Suaranya perlahan saja
seperti karat dilepas senja
Merontokan kenangan yang coklat dan renta
Riuh penarik becak
Mengangkut es balok
Dari gudang TKG dekat geladak
Ketipak kuda
Memutar roda pedati
jemput pulang bakul ikan dan sayuran
Magrib, toko-toko terkunci.
Tak ada jual beli pemiliknya masih ngaji
Sampai isyak menanti.
Bila kamis malam tak ada toko buka
Suara tartil, pujian, dan shalawat
Memenuhi langit berkat.
:barat
Masih sekitar jalan panglima sudirman
Dekat toko andalas yang kini lenyap,
Adzan di Kaptegghi merekati dinding ingatan.
Tak merdu suaranya
Namun selalu ingatkan waktu shalat tiba
Jalanan membujur ke ujung
Belok ke kanan lalu ke kiri
Toko mas terang, hing wan, dan toko kitab di sudut
persimpangan.
Laris masih tetap menghadap selatan, kokoh berdiri dekat
bangunan penjara
Sebelahnya lagi pos polisi, lalu truk melintas
Lemparkan kotak korek api kepada petugas.

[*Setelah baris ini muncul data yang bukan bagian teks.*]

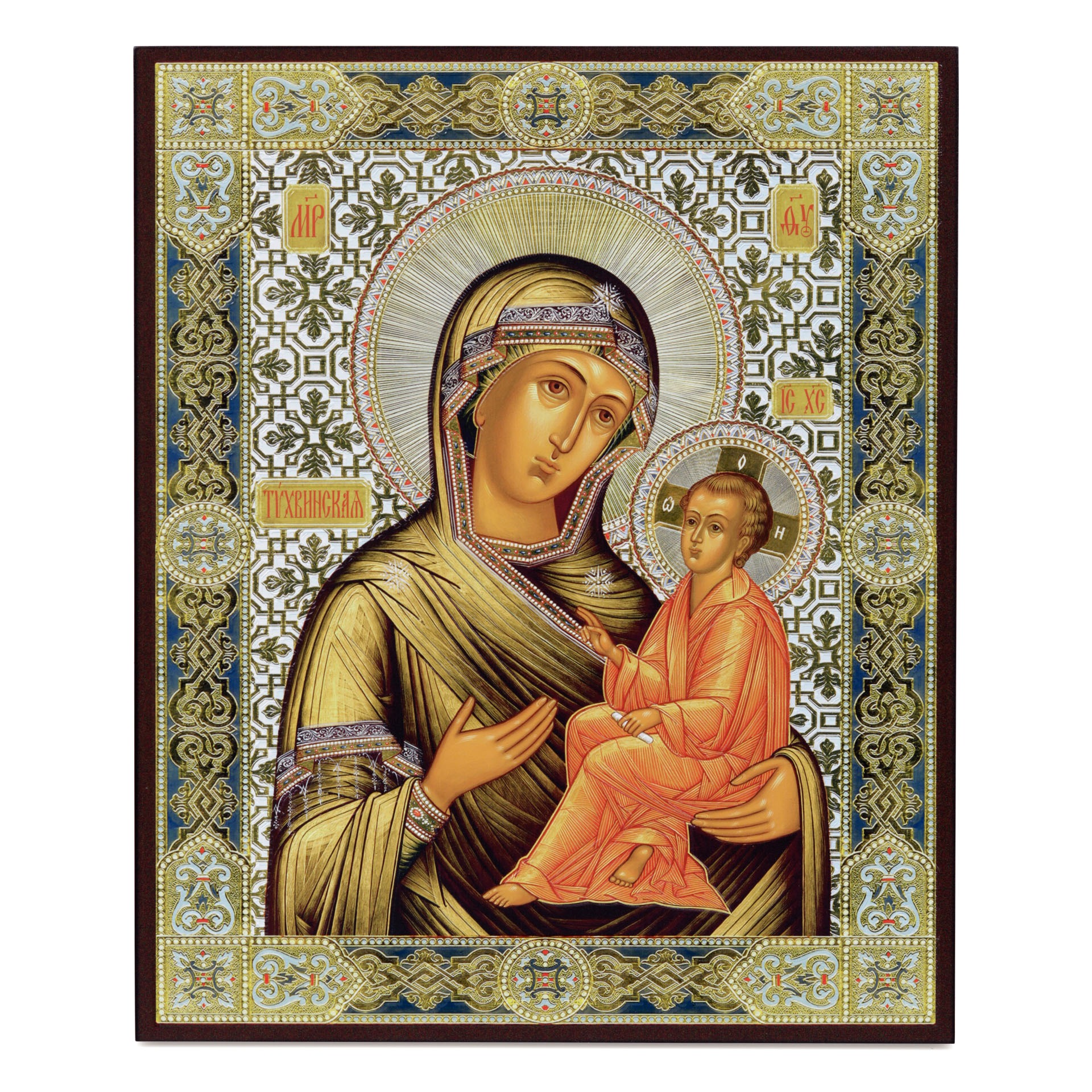 Икона на доске 33х40 объемная печать, лак Тихвинская БМ,
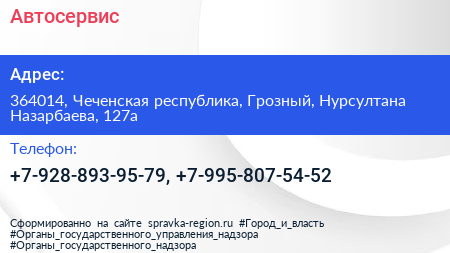 Автосервис по адресу 364014, Чеченская республика, Грозный, Нурсултана Назарбаева, 127а в дальнейшем Организация, размещена в следующих категориях:
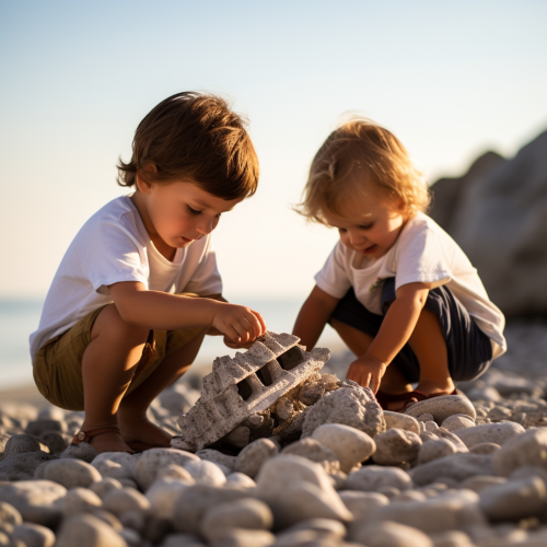 kids playing in summertime with rocks photoreal sony a6000 warm light white background
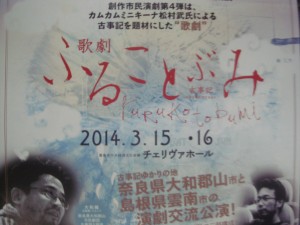 ふることぶみは、古事記そのものを松村武(劇団カムカムミニキーナ主宰)さんが舞台作品としてまとめたもので、昨年、奈良県大和郡山市の市民劇団によって初演されました。
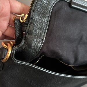 Good condition with minor wear. See photos for details and measurements. Minor scuffing on hardware. No major flaws. Elegant black leather crossbody bag with gold accents. Perfect for any occasion.
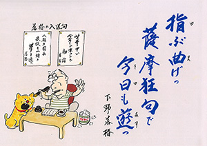 | 指ぶ曲げっ 薩摩狂句で 今日も遊っ |
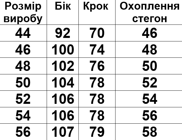 Розмірна сітка на фото.
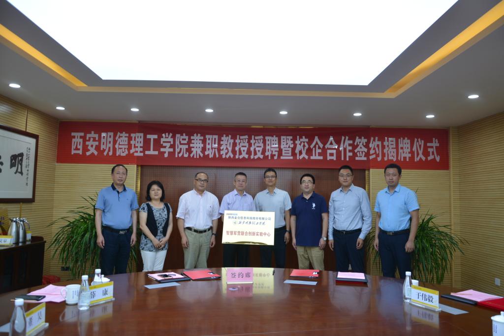 7月10日上午,LETOU国际米兰官网聘任陕西金合信息科技股份有限公司董事长张文泉先生、公司董事于伟毅先生、彭启锋先生为学院兼职教授,并签订校企合作协议。院长张渤、副院长薛康、党委副书记董昊、信息学院院长王丽芳、副院长魏瑾、办公室主任尹莹、信息工程学院教师代表等参加了签约仪式。会议由副院长薛康主持。
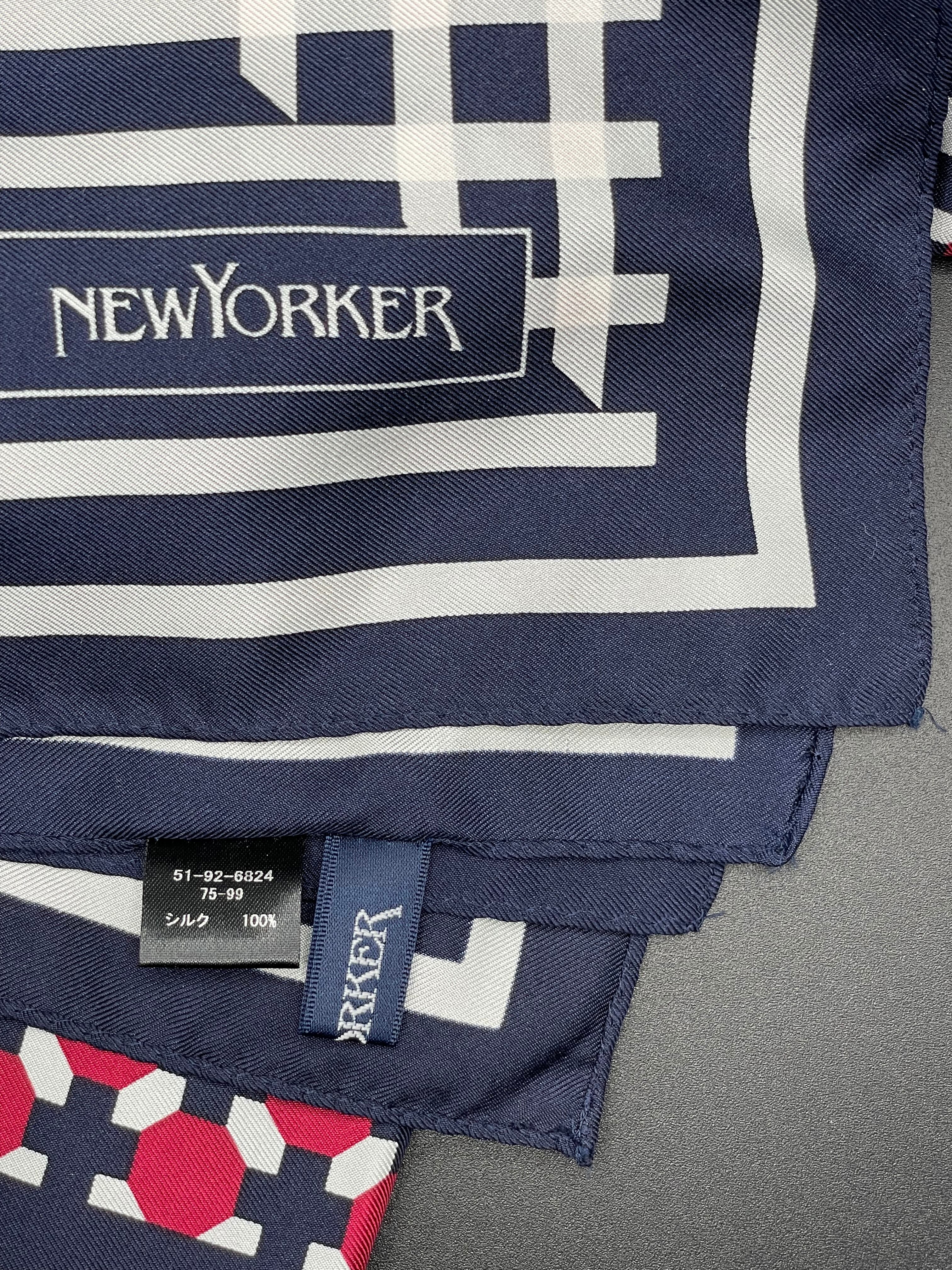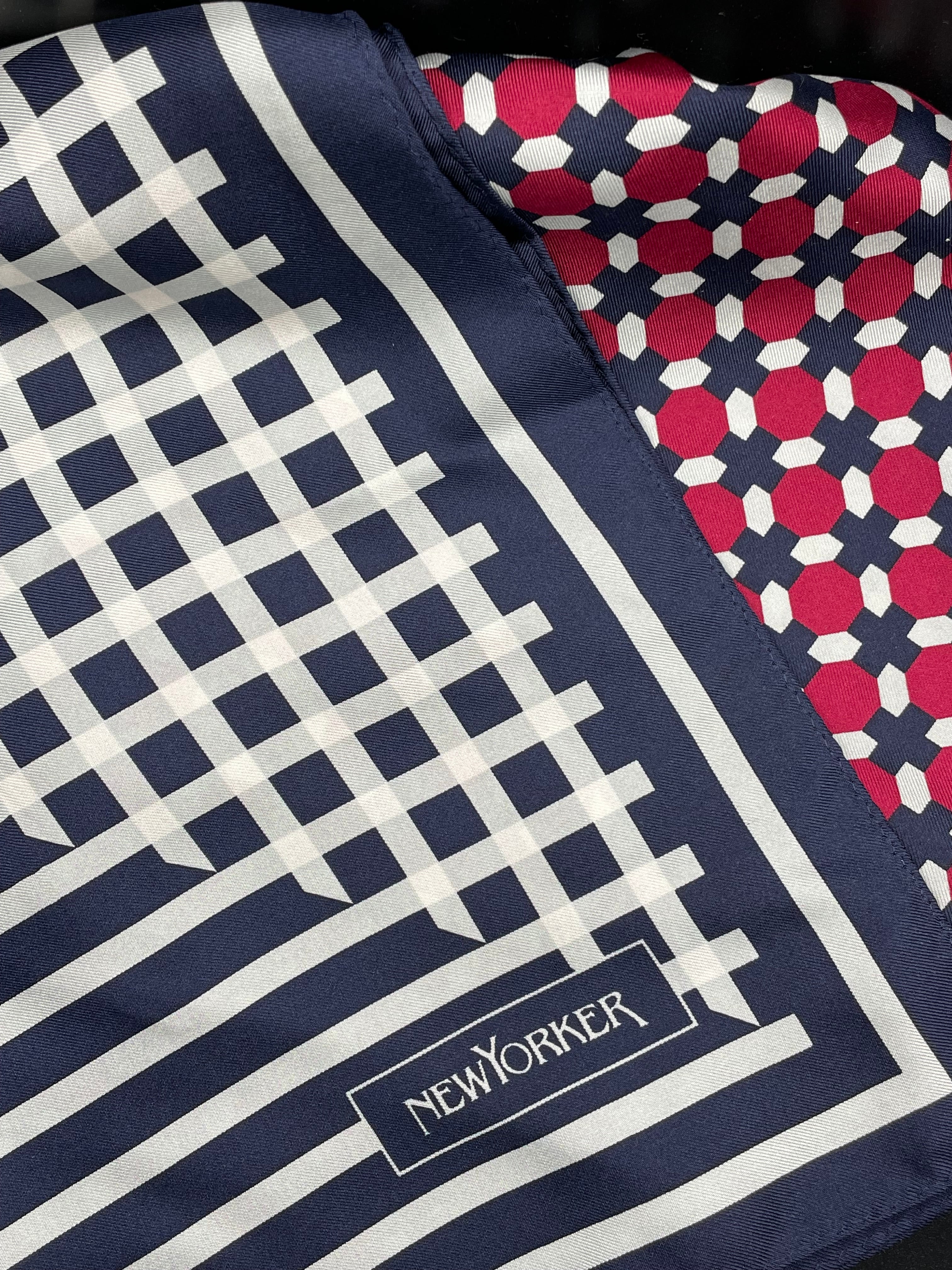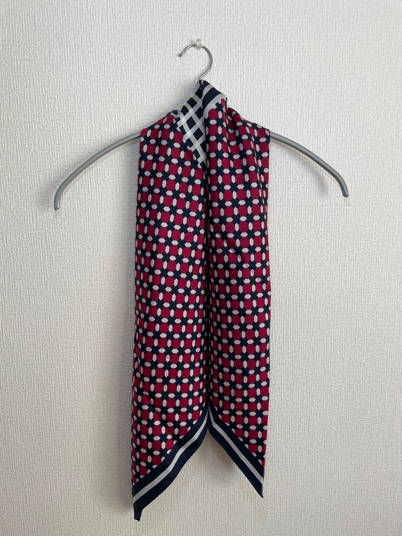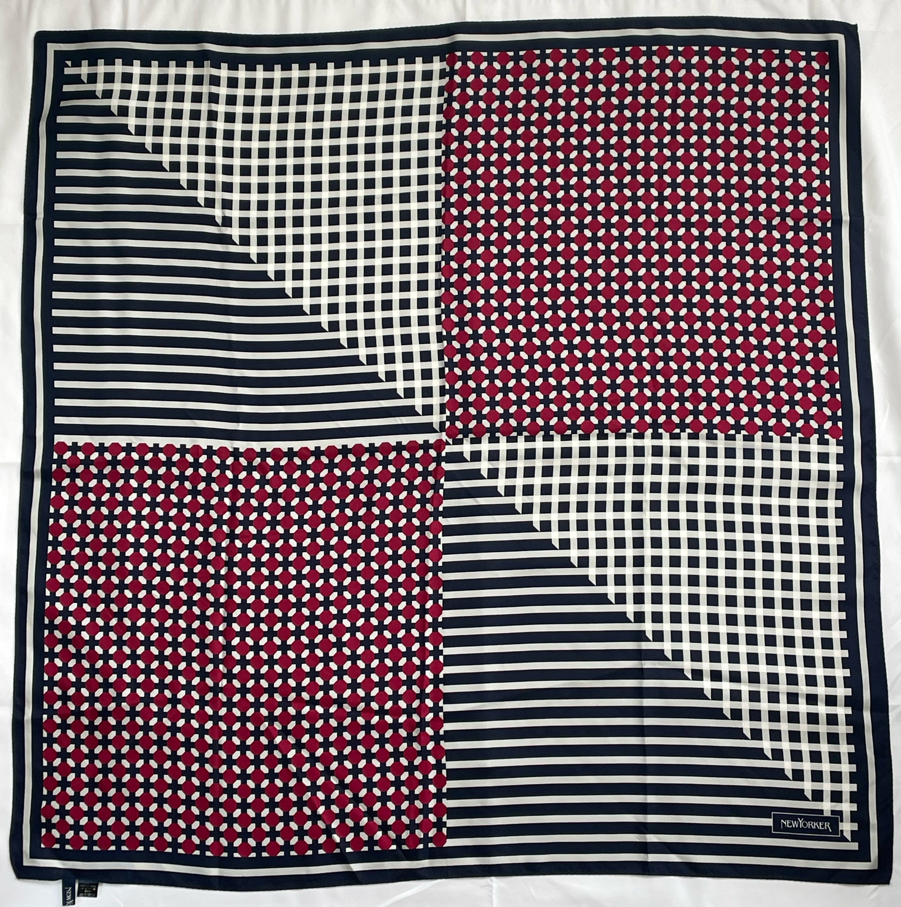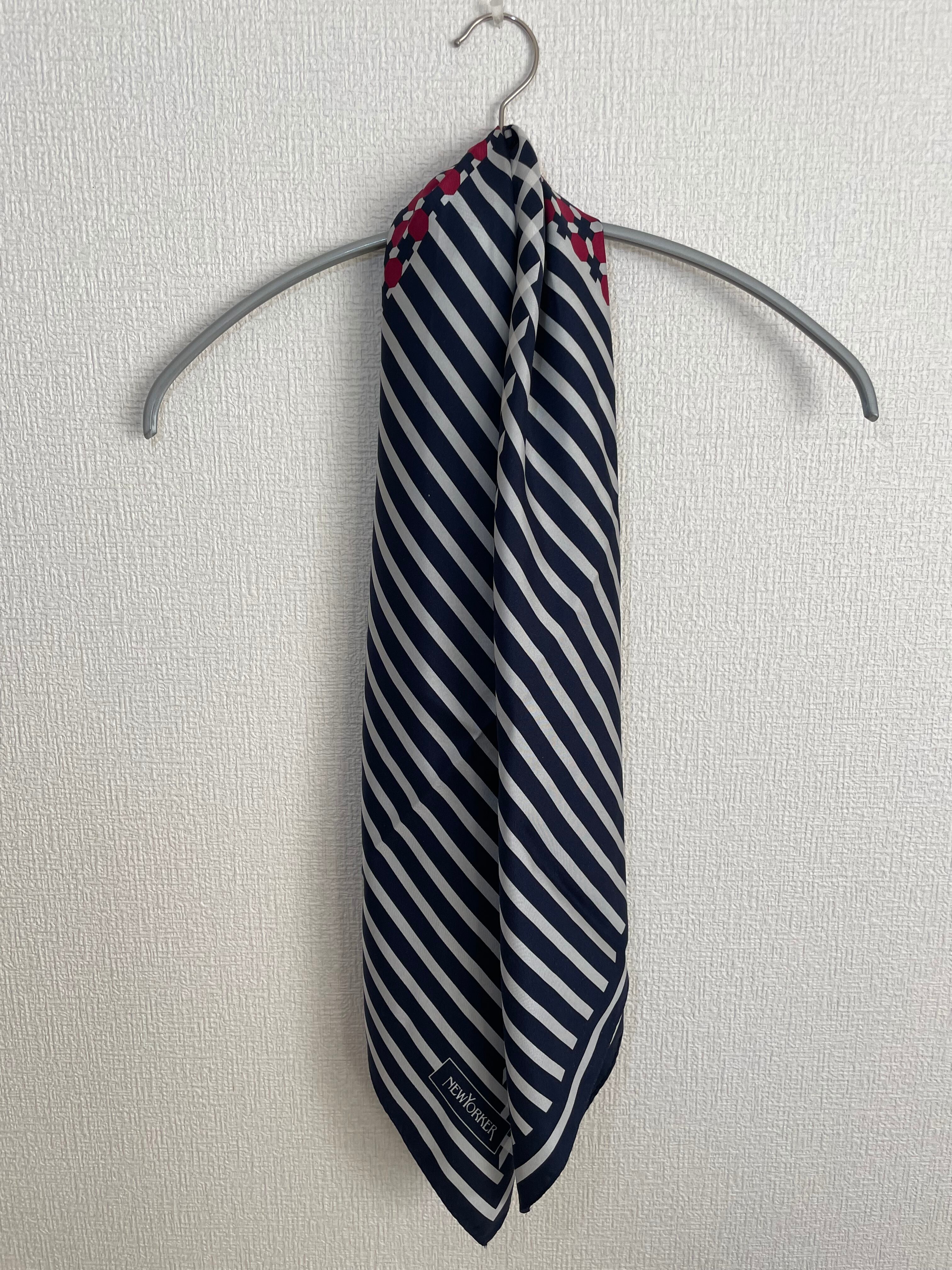 ニューヨーカー 大判シルクスカーフ ネイビー・ホワイト・ボルドー|NEWYORKER Silk Scarf|Hana.senryo-matsu

Pasar srimangun, rel-rel mati ditumbuhi kios buah-buahan.
Toko damai yang muram kehilangan pelanggan.
Beralih ke supermaket, dan swalayan menjamur di mata
memandang.
Sisa lahan tertutup beton dan aspalan
Rampas serapan hujan
Jika kemarau usai, warga siap menyongsong
Birahi sungai meluapi kota.
Belok ke selatan monumen kota,
Tak lagi patung laki berkuda dengan tombak digenggaman.
Tetapi julur menara, kubah mekar di ujungnya.
Di seberang, gedung smp 2 beralih jadi kantor bina marga.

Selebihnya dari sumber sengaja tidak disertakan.